---- DATASET EXTRACT

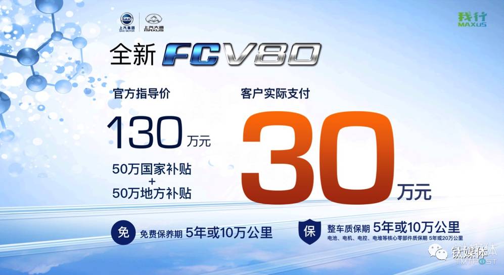 “这辆FCV80的厂商指导价是130万元,补贴后只用30万元。”刚刚过去的广州车展上,上汽大通旗下宽体轻客车型FCV80的售价引发现场热议。
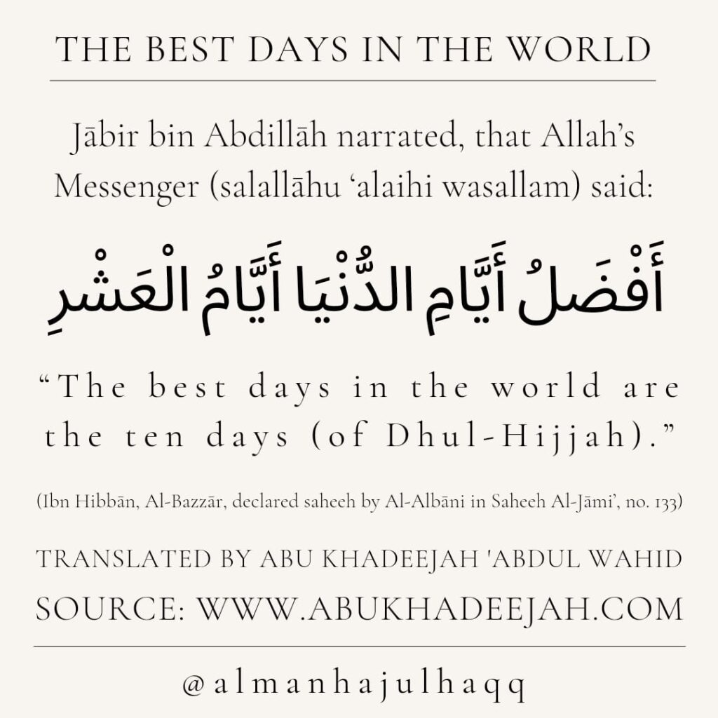 A benefit and reminder about the first ten days of Dhul Hijjah.
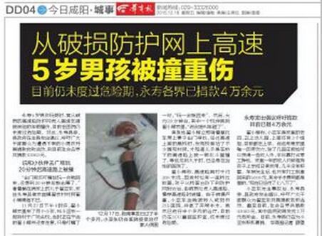 2015年11月27日下午,永寿5岁男孩玩耍时,竟从破损的高速路防护网进入高速车道被疾驰的车辆撞伤,目前仍在医院接受治疗。对此,永寿县委、县政府在全县发出倡议,呼吁广大干部群众为遭遇不幸的小男孩开展捐款救助活动,到目前社会各界共捐款43063元。但厄运,似乎并不打算放过这个饱受摧残的贫困家庭。
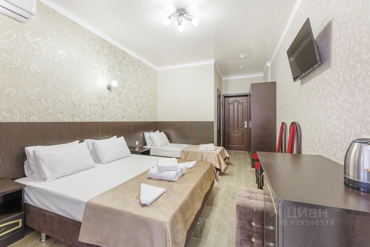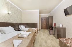Гостевой дом Фараон располагается в курортном городе Анапа, возле ручья Можепсин. В 10 минутах ходьбы расположен пляжный, развлекательный Детский центр и Черноморское побережье. Поблизости спортивные комплексы, заведения, магазины и кафе. Аэропорт в 6,7 км. До ж/д вокзала 3,2. Гостевой дом предлагает комнаты различной категории, оснащенные двуспальными и односпальными кроватями, мягкой мебелью в виде диванов и кресел, телевизорами и чайниками. Постояльцам предоставлены отдельные санузлы с душем и полотенцами. Пообедать предлагается в собственном ресторане, где будут ожидать вкусные и сытные обеды, прохладительные напитки и приветливые сотрудники. За дополнительную плату есть возможность организовать барбекю, для тех кто любит блюда на мангале. На территории гостевого дома имеется просторная и комфортная зона отдыха, обустроенная крытыми беседками и лежаками для принятия солнечных ванн. На крыше гостей ждет плавательный бассейн с подогревом и прекрасным пейзажем. Для детей предусмотрена игровая площадка с качелями. Спальные места представляют собой двуспальную и односпальную кровати, имеется альтернативная конфигурация с тремя односпальными кроватями. В комнатах для размещения имеется доп. место. Современная мебель и качественные материалы, эргономичная планировка, эксклюзивные дизайнерские решения — все создает здесь уютную и приятную обстановку, располагающую к полноценному отдыху. Во всех комнатах: санузел с душем, сплит-система, TV, холодильник, интернет Wi-Fi, прикроватные тумбочки, комод, шкаф, а так же фен и сейф.
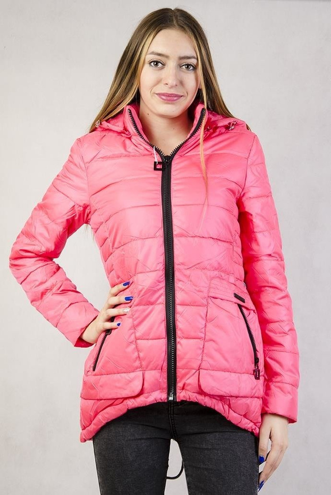 Malinowa, pikowana kurtka z asymetrycznym dołem, ściągana z tyłu

--------

- **WHAT TO DO**:
Using the entries above, extract exactly the lines from the one that contains "A benefit and" through the one that contains "2015年11月27日下午,永寿5岁男孩". Do not carry over any pictures.

- **THE COMPLETED TASK**:
 A benefit and reminder about the first ten days of Dhul Hijjah.
 2015年11月27日下午,永寿5岁男孩玩耍时,竟从破损的高速路防护网进入高速车道被疾驰的车辆撞伤,目前仍在医院接受治疗。对此,永寿县委、县政府在全县发出倡议,呼吁广大干部群众为遭遇不幸的小男孩开展捐款救助活动,到目前社会各界共捐款43063元。但厄运,似乎并不打算放过这个饱受摧残的贫困家庭。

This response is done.